How Perplexity and ChatGPT Choose Sources: An AEO Deep Dive
How AI Answer Engines Work
The Basic Architecture
User query
│
▼
┌────────────────────────────┐
│ Query Understanding │
│ - Intent classification │
│ - Entity recognition │
│ - Topic identification │
└─────────────┬──────────────┘
│
▼
┌────────────────────────────┐
│ Source Retrieval │
│ - Web search/index │
│ - Knowledge base │
│ - Trusted sources │
└─────────────┬──────────────┘
│
▼
┌────────────────────────────┐
│ Source Evaluation │
│ - Authority scoring │
│ - Relevance matching │
│ - Freshness check │
└─────────────┬──────────────┘
│
▼
┌────────────────────────────┐
│ Answer Synthesis │
│ - Information extraction │
│ - Citation assignment │
│ - Response generation │
└────────────────────────────┘The Key Insight
AI systems don't just find information—they evaluate which sources deserve to be cited. This evaluation happens before the answer is generated.

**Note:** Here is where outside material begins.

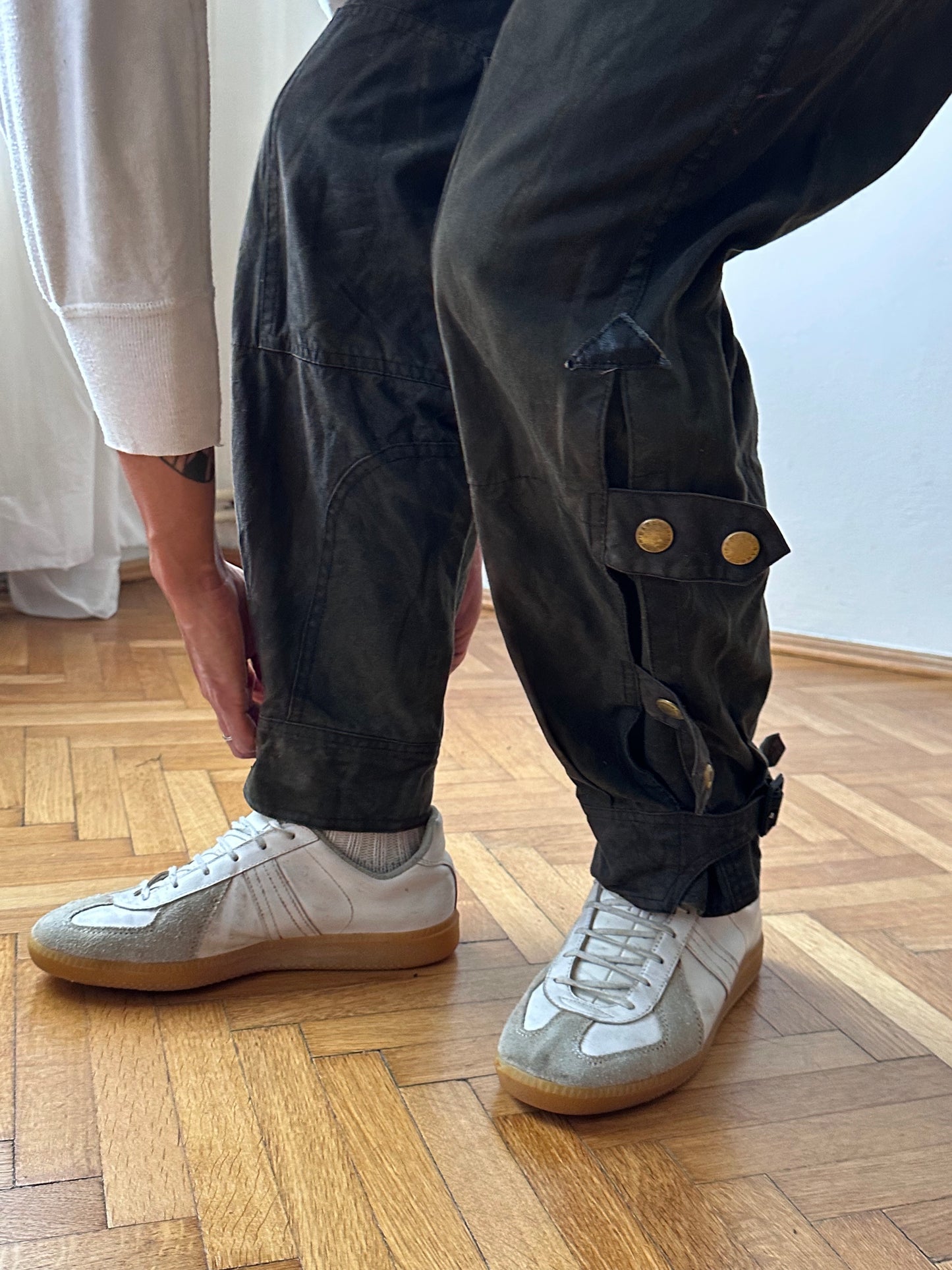 裾は絞れる仕様です、全開にあけて裾幅広く穿くの個人的に好きです。
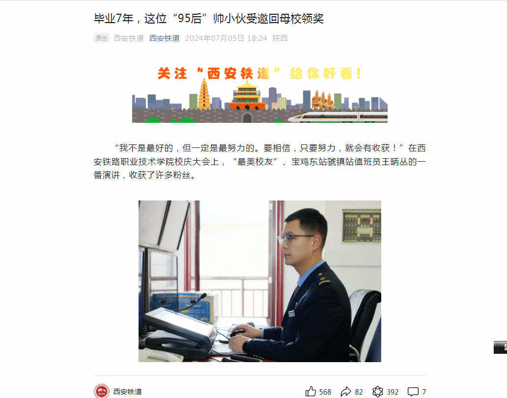 毕业7年,这位“95后”帅小伙受邀回母校领奖

The Source Selection Process
Step 1: Candidate Retrieval
AI first gathers potential sources:
| Method | What Gets Retrieved |
|---|---|
| Web search | Top-ranking pages for query |
| Index lookup | Pre-crawled authoritative sources |
| Knowledge base | Verified facts and entities |
Step 2: Authority Evaluation
Sources are scored on trust signals:
Authority Score =
Domain reputation (30%)
+ Topic expertise (25%)
+ Content freshness (20%)
+ External validation (15%)
+ Technical quality (10%)Step 3: Relevance Matching
How well does the source answer the query?
| Factor | Evaluation |
|---|---|
| Topic alignment | Does content cover query topic? |
| Answer presence | Is there a direct answer? |
| Depth | How thoroughly is topic covered? |
| Specificity | Does it match query specificity? |
Step 4: Citation Assignment
Deciding what to cite:
- Factual claims → Cite authoritative source
- Statistics → Cite original research
- Definitions → Cite recognized authority
- Opinions → Cite expert or don't cite
Perplexity's Citation System
How Perplexity Works
Perplexity is explicitly designed as an "answer engine" with visible citations:
Query: "What is the best CRM for startups?"
Perplexity response:
"For startups, HubSpot CRM is often recommended as the
best option due to its free tier and scalability [1].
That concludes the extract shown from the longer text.